A simple value assigning foreach control structure produces a copy of an object or value. The following code
$v1=0;
$arrV=array(&$v1,&$v1);
foreach ($arrV as $v)
{
$v1++;
echo $v."\n";
}
yields
0
1
which means $v in foreach is not a reference to $v1 but a copy of the object the actual element in the array was referencing to.
The codes
$v1=0;
$arrV=array(&$v1,&$v1);
foreach ($arrV as $k=>$v)
{
$v1++;
echo $arrV[$k]."\n";
}
and
$v1=0;
$arrV=array(&$v1,&$v1);
$c=count($arrV);
for ($i=0; $i<$c;$i++)
{
$v1++;
echo $arrV[$i]."\n";
}
both yield
1
2
and therefor cycle through the original objects (both $v1), which is, in terms of our aim, what we have been looking for.
(tested with php 4.1.3)
firespade at gmail dot com
03-Apr-2007 07:11
03-Apr-2007 07:11
Here's a good little example of referencing. It was the best way for me to understand, hopefully it can help others.
$b = 2;
$a =& $b;
$c = $a;
echo $c;
// Then... $c = 2
php at hood dot id dot au
04-Mar-2007 10:56
04-Mar-2007 10:56
I discovered something today using references in a foreach
<?php
$a1 = array('a'=>'a');
$a2 = array('a'=>'b');
foreach ($a1 as $k=>&$v)
$v = 'x';
echo $a1['a']; // will echo x
foreach ($a2 as $k=>$v)
{}
echo $a1['a']; // will echo b (!)
?>
After reading the manual this looks like it is meant to happen. But it confused me for a few days!
(The solution I used was to turn the second foreach into a reference too)
ladoo at gmx dot at
17-Apr-2005 02:05
17-Apr-2005 02:05
I ran into something when using an expanded version of the example of pbaltz at NO_SPAM dot cs dot NO_SPAM dot wisc dot edu below.
This could be somewhat confusing although it is perfectly clear if you have read the manual carfully.
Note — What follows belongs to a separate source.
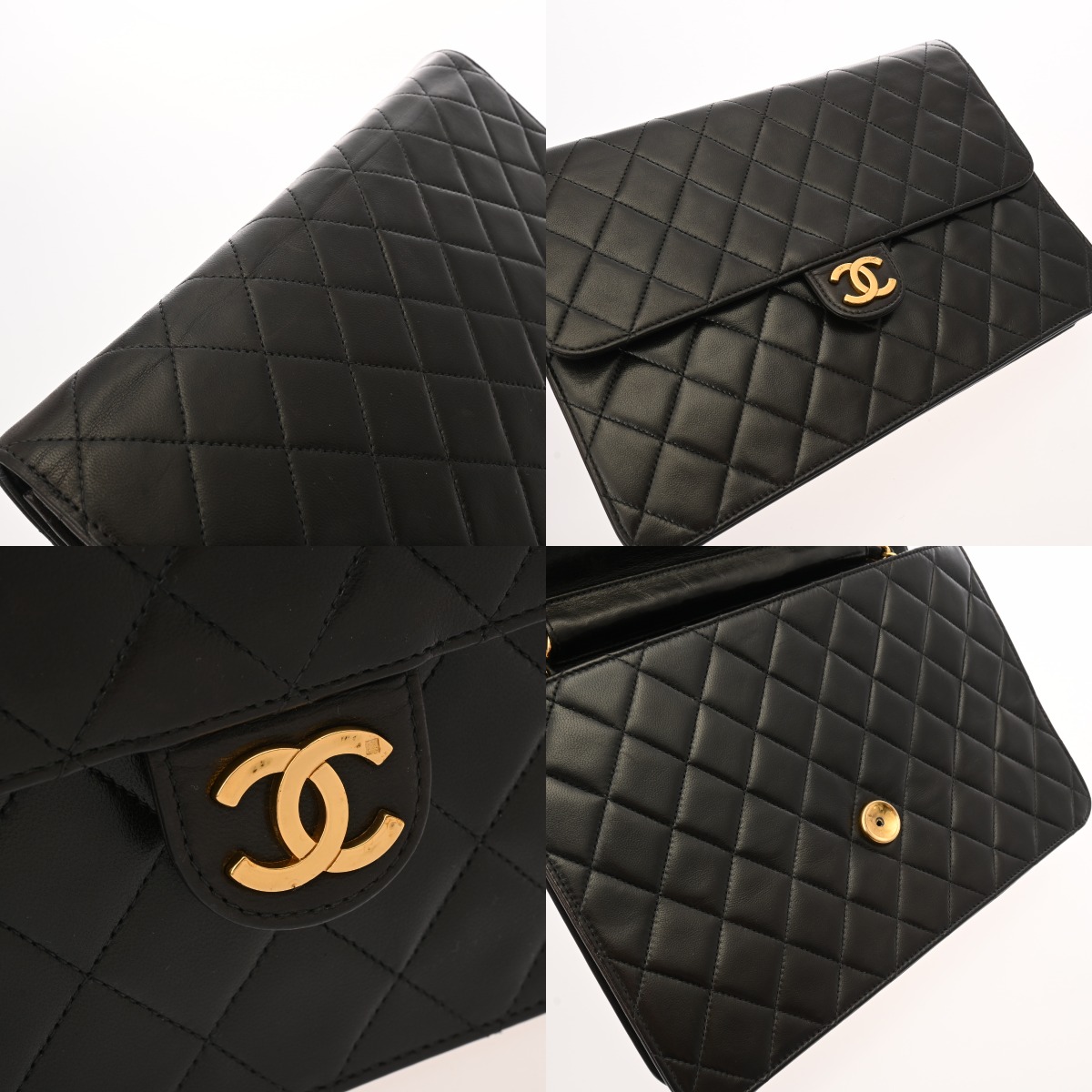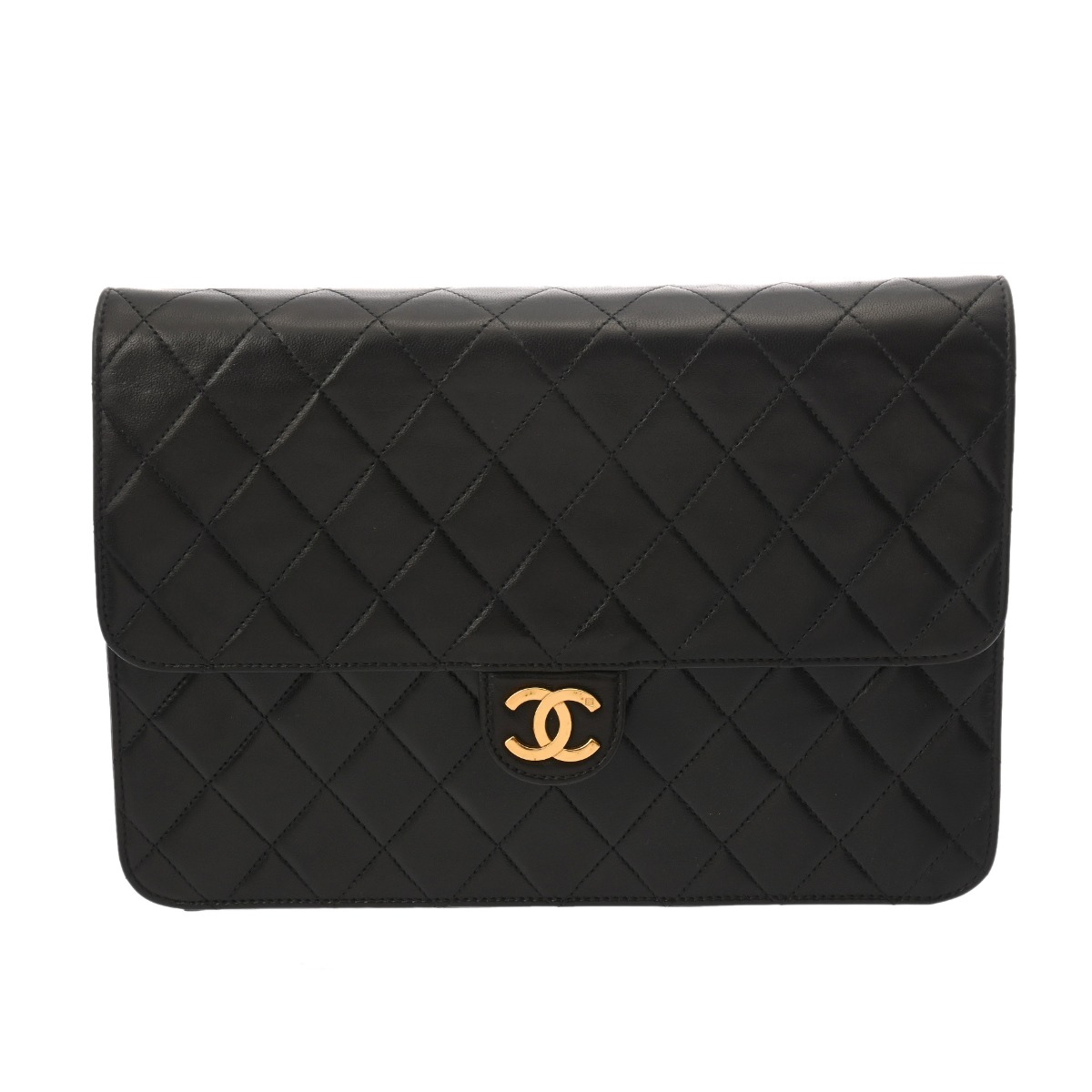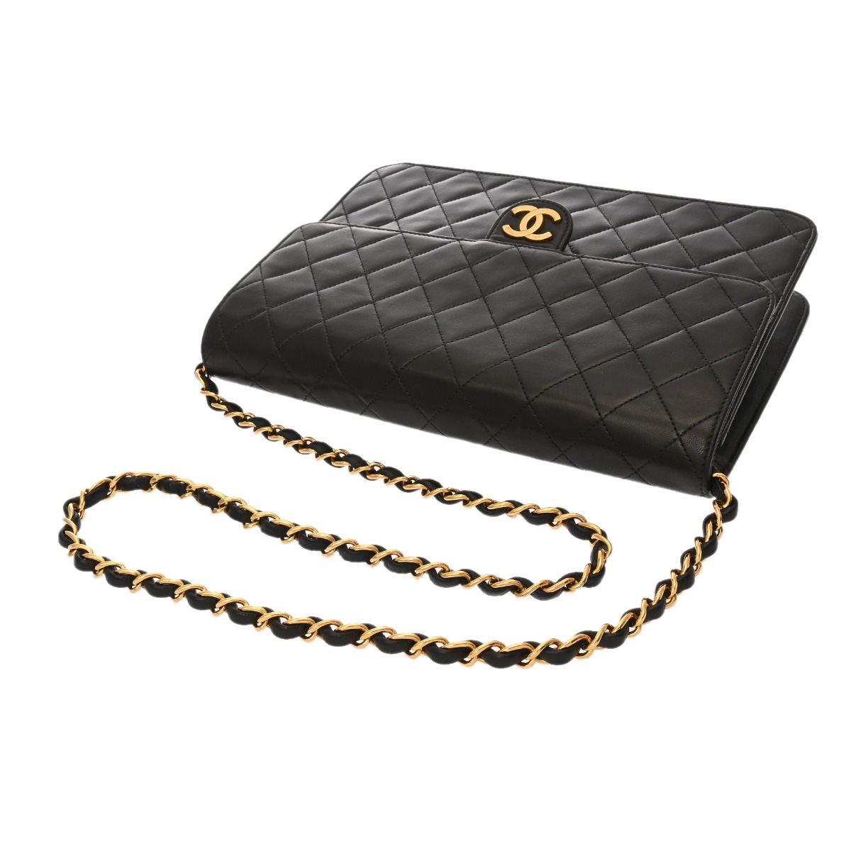 シャネル マトラッセ プッシュロック チェーンショルダー 25cm ブラック ラムスキン レディース バッグ 【bag】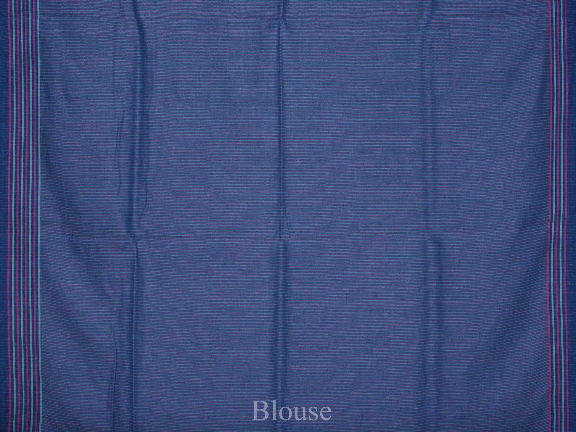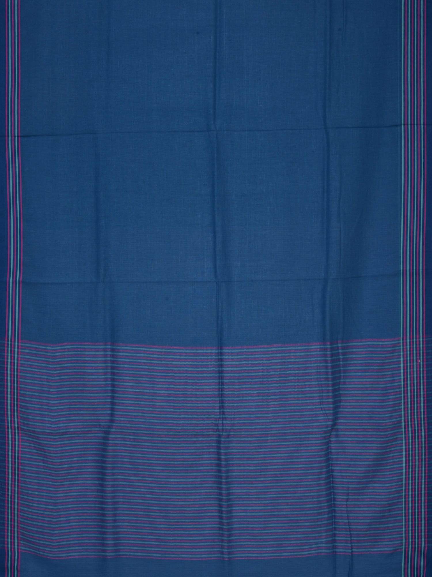Blue Organic Cotton Handloom Saree with Stripes Pallu Design o0127

It makes the fact that references always point to the content of a variable perfectly clear (at least to me).
<?php
$a = 1;
$c = 2;
$b =& $a; // $b points to 1
$a =& $c; // $a points now to 2, but $b still to 1;
echo $a, " ", $b;
// Output: 2 1
?>
php.devel at homelinkcs dot com
15-Nov-2004 03:16
15-Nov-2004 03:16
In reply to lars at riisgaardribe dot dk,
When a variable is copied, a reference is used internally until the copy is modified. Therefore you shouldn't use references at all in your situation as it doesn't save any memory usage and increases the chance of logic bugs, as you discoved.
joachim at lous dot org
10-Apr-2003 03:46
10-Apr-2003 03:46
So to make a by-reference setter function, you need to specify reference semantics _both_ in the parameter list _and_ the assignment, like this:
class foo{
var $bar;
function setBar(&$newBar){
$this->bar =& newBar;
}
}
Forget any of the two '&'s, and $foo->bar will end up being a copy after the call to setBar.